Work instructions
Take the lines from the one with "Descripción: Copia, papel, cianotipo, 22x32" to the end of the listing, both ends included, and quote them exactly, leaving pictures out.

== Segment start ==

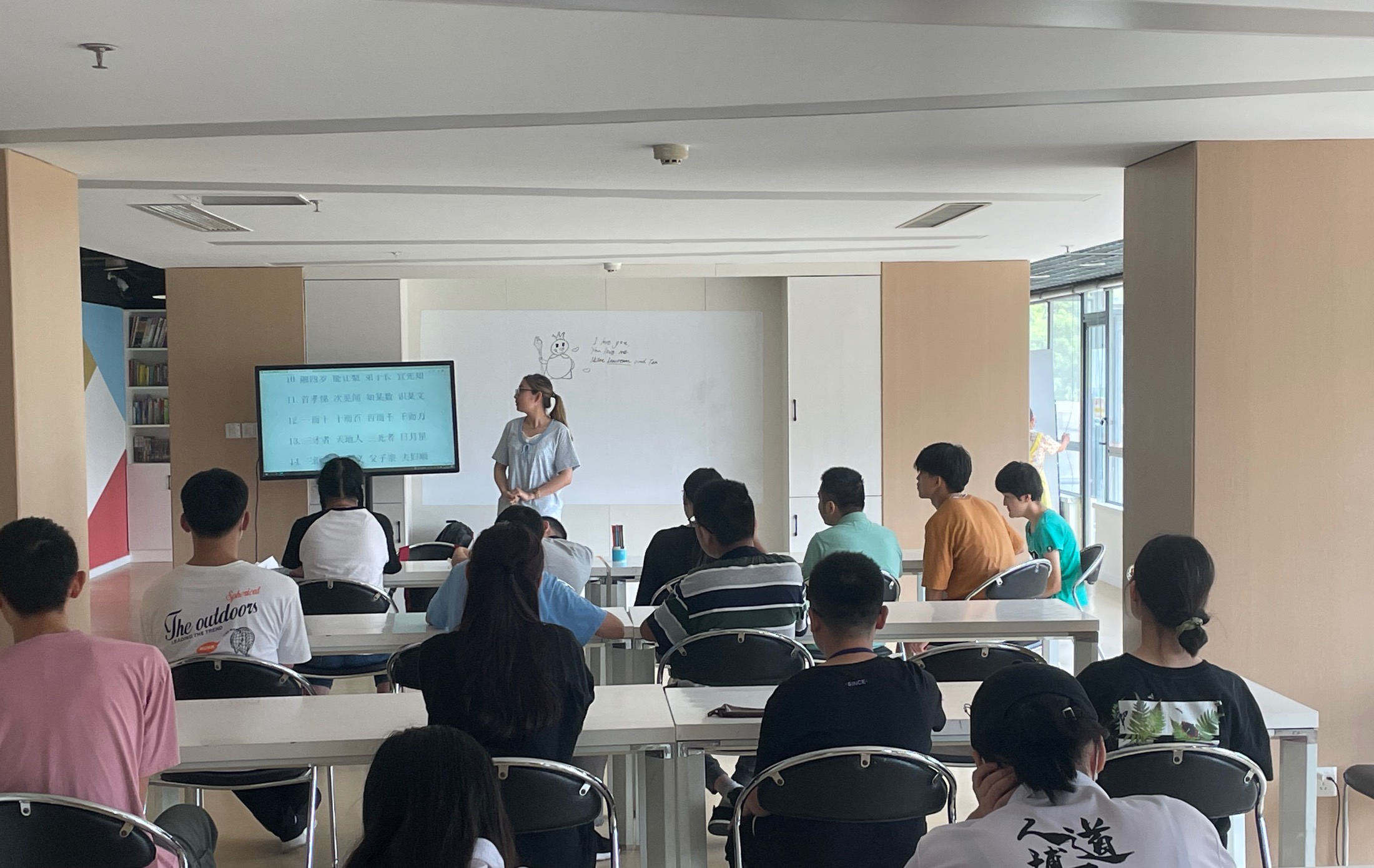 今天的活动分为两个部分。首先是经典诵读。由领读员李云同学带领学员诵读《三字经》。起初志愿者们都很担心学员会不配合造成冷场的尴尬局面,但随着领读声“人之初,性本善”的响起,所有的学员都跟着一起诵读,十分配合。有的学员还能够跟着领读员一起领读,带动大家的积极性。
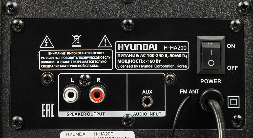 Hyundai H-HA200 - это мультимедийная акустическая стереосистема 2.1. Идеальна для использования с персональными компьютерами, ноутбуками, CD, MP3, TV и другими совместимыми аудио устройствами. Максимальный набор значимых функций: FM-тюнер, USB-вход, SD-к
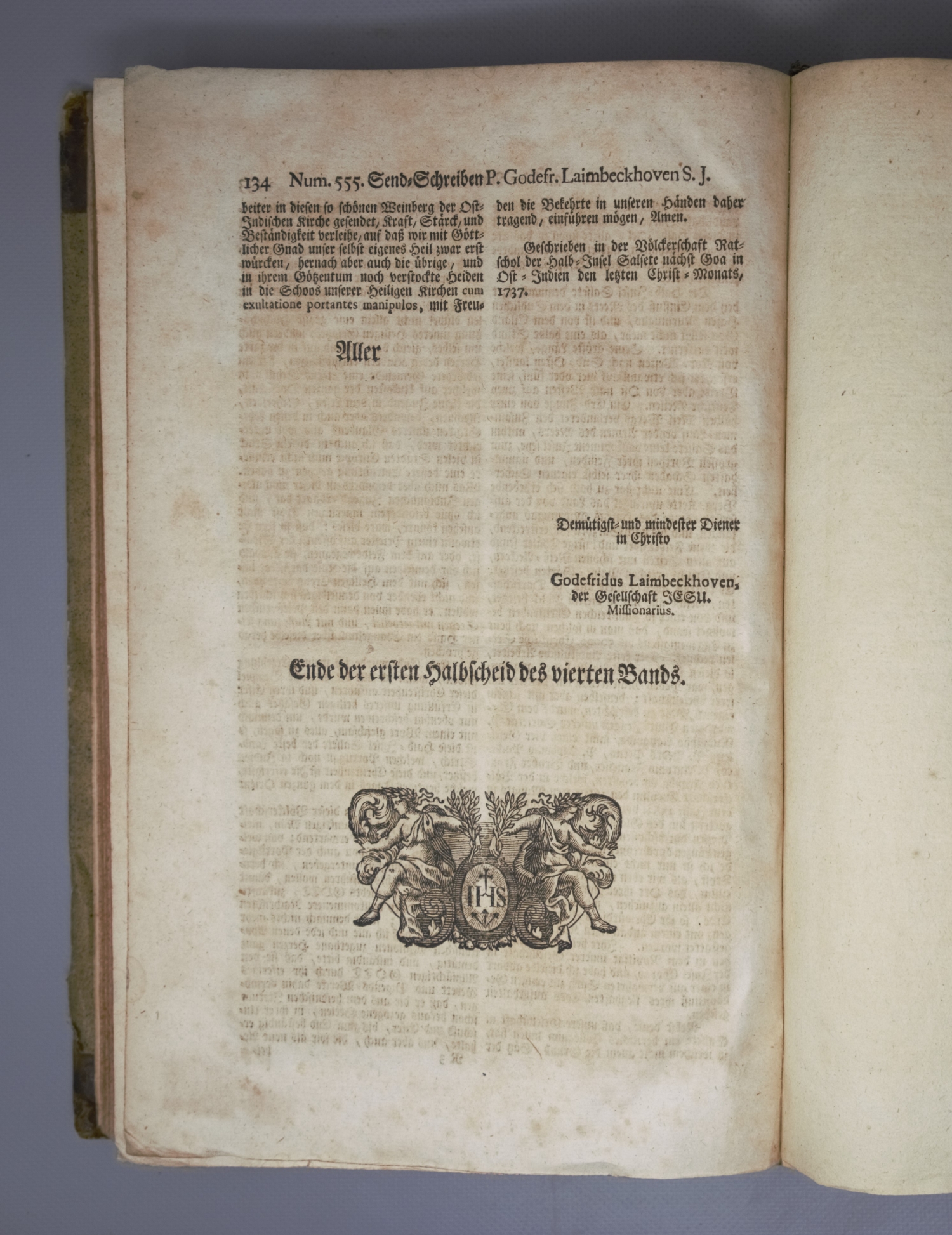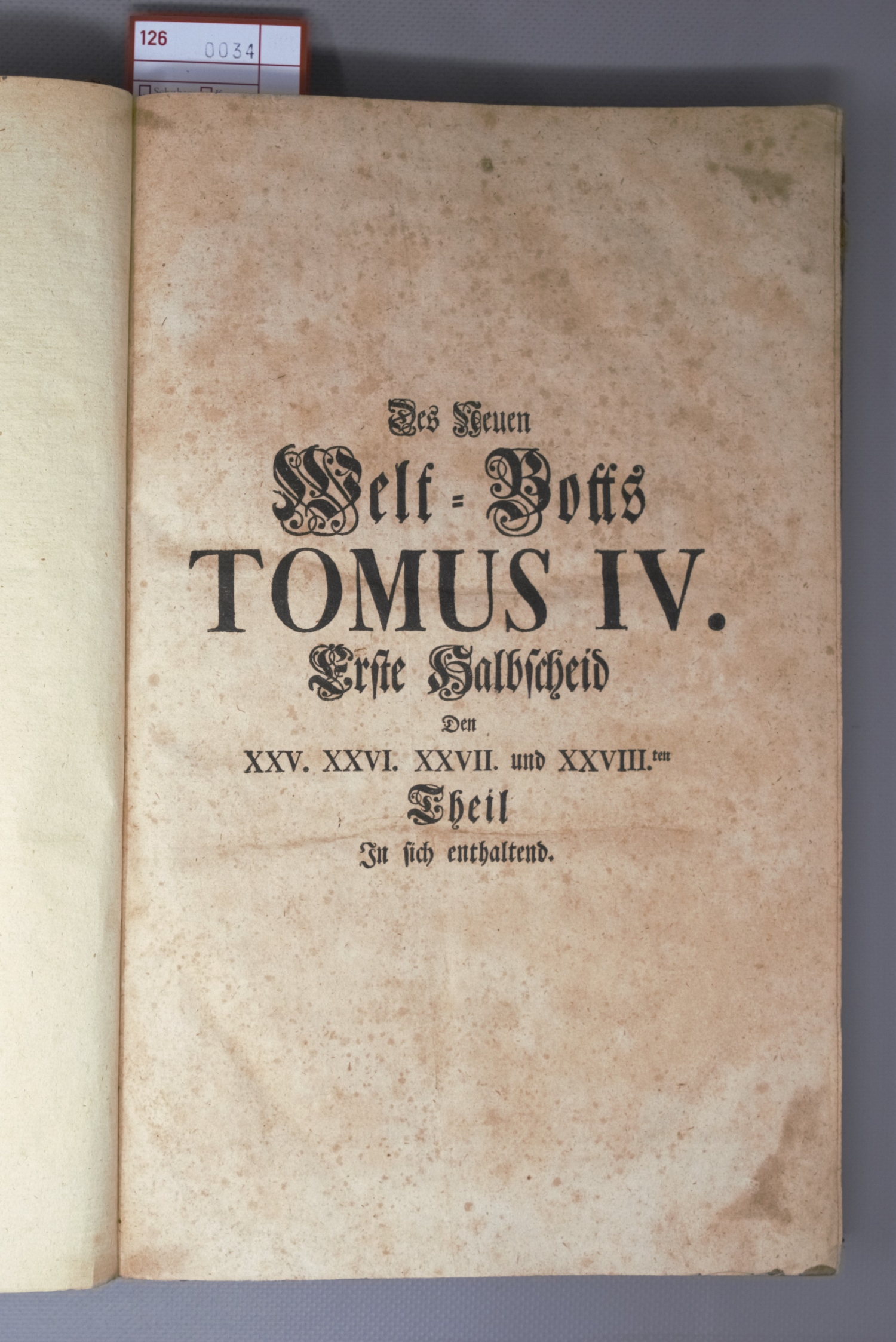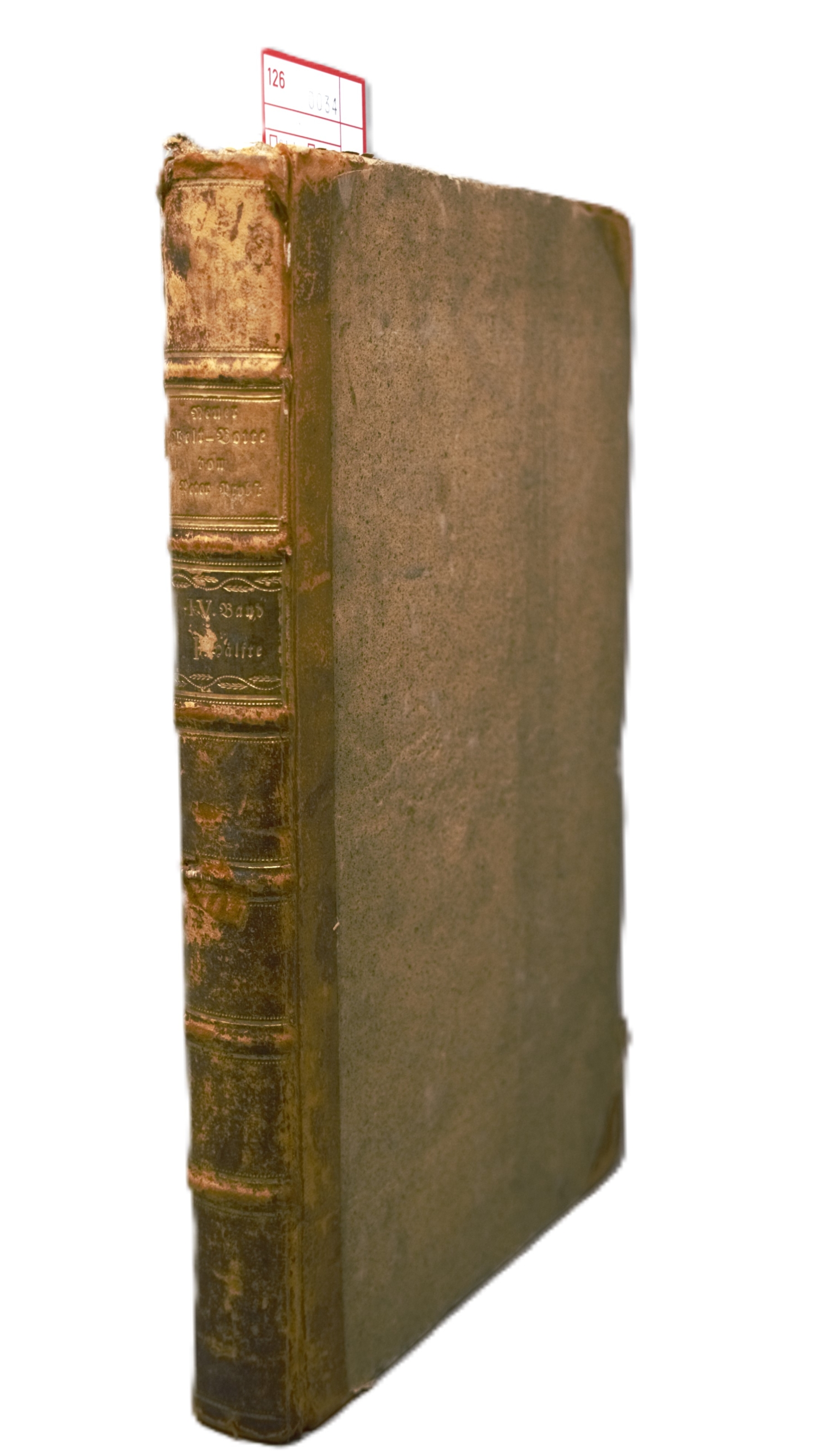 Allerhand so lehr- als geistreiche Brief, Schriften und Reise-Beschreibungen, welche von denen Missionariis der Gesellschaft Jesu aus beyden Indien, und andern über Meer gelegenen Ländern, meistentheils von A. 1730 bis 1740 in Europa angelangt seynd. Aus hand-schriftlichen Urkunden, und anderen bewerthen Nachrichten zusammengetragen von Petro Probst. Band IV, Teile XXV bis XXVIII. 4 Teile in 1 Band. Haupttitel in Schwarz und Rot. Mit 3 gefalteten Kupferstichkarten. 34 x 21,5 cm. Halbleder d. Z. (etwas stärker fleckig, berieben und bestoßen) mit 2 goldgeprägten RSchildern. Wien, Leopold Johann Kaliwoda, 1748.
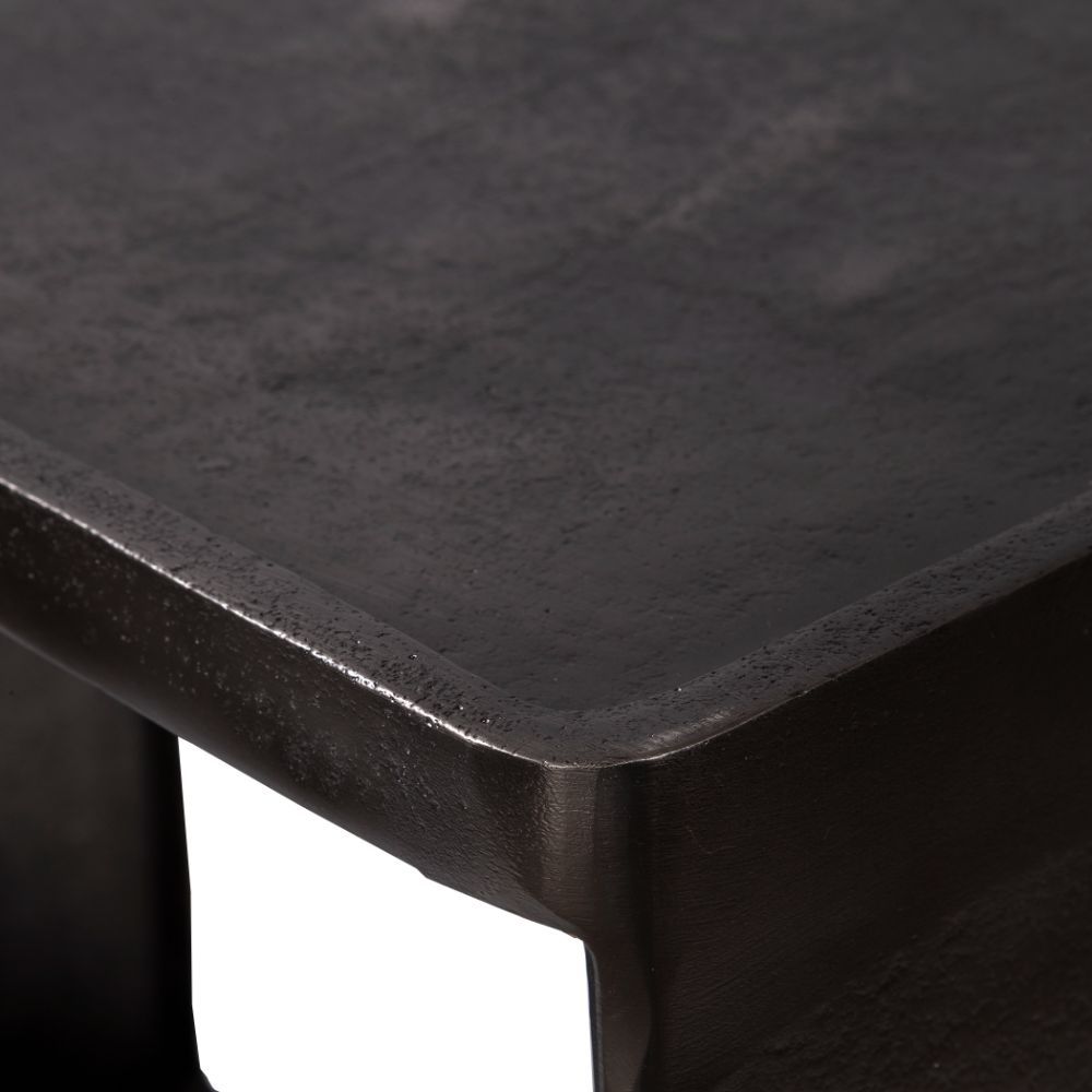 Taking Inspiration From Industrial Style, This Cast Aluminum Accent Table Features A Masculine Look with A Tray Style Top in A Dark Antique Nickel Finish. The Open Center Allows for Extra Display Space.
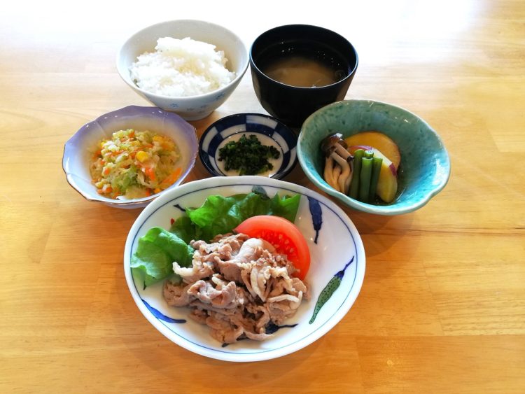 ごはん、ぜんまいのみそ汁、豚肉のピーナッツ焼き、さつま芋煮、キャベツサラダ、しその実漬け
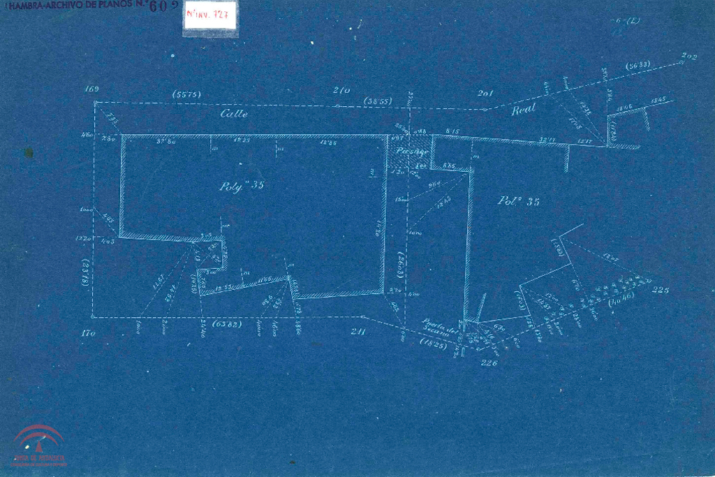 Descripción: Copia, papel, cianotipo, 22x32 cm., s.e. sectores: 7, 8Poligonación Zona Este del Plano General de GranadaNumero de plano de la oficina técnica del servicio de conservación: 602, (Alhambra-archivo de planos Nº 602) Digitalizado
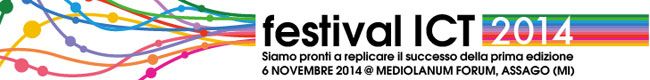 Giovedì 6 Novembre si terrà il festival ICT 2014, il nuovo palcoscenico ICT italiano che per questa seconda edizione attende 1000 visitatori da tutt’Italia. Il programma dell’evento prevede 70 interventi su varie tematiche, un’Arena con 27 community ICT con le quali discutere e confrontarsi ed un’area con 64 prestigiosi Sponsor coi quali entrare in contatto.

== Segment end ==

Expected answer
 Descripción: Copia, papel, cianotipo, 22x32 cm., s.e. sectores: 7, 8Poligonación Zona Este del Plano General de GranadaNumero de plano de la oficina técnica del servicio de conservación: 602, (Alhambra-archivo de planos Nº 602) Digitalizado
 Giovedì 6 Novembre si terrà il festival ICT 2014, il nuovo palcoscenico ICT italiano che per questa seconda edizione attende 1000 visitatori da tutt’Italia. Il programma dell’evento prevede 70 interventi su varie tematiche, un’Arena con 27 community ICT con le quali discutere e confrontarsi ed un’area con 64 prestigiosi Sponsor coi quali entrare in contatto.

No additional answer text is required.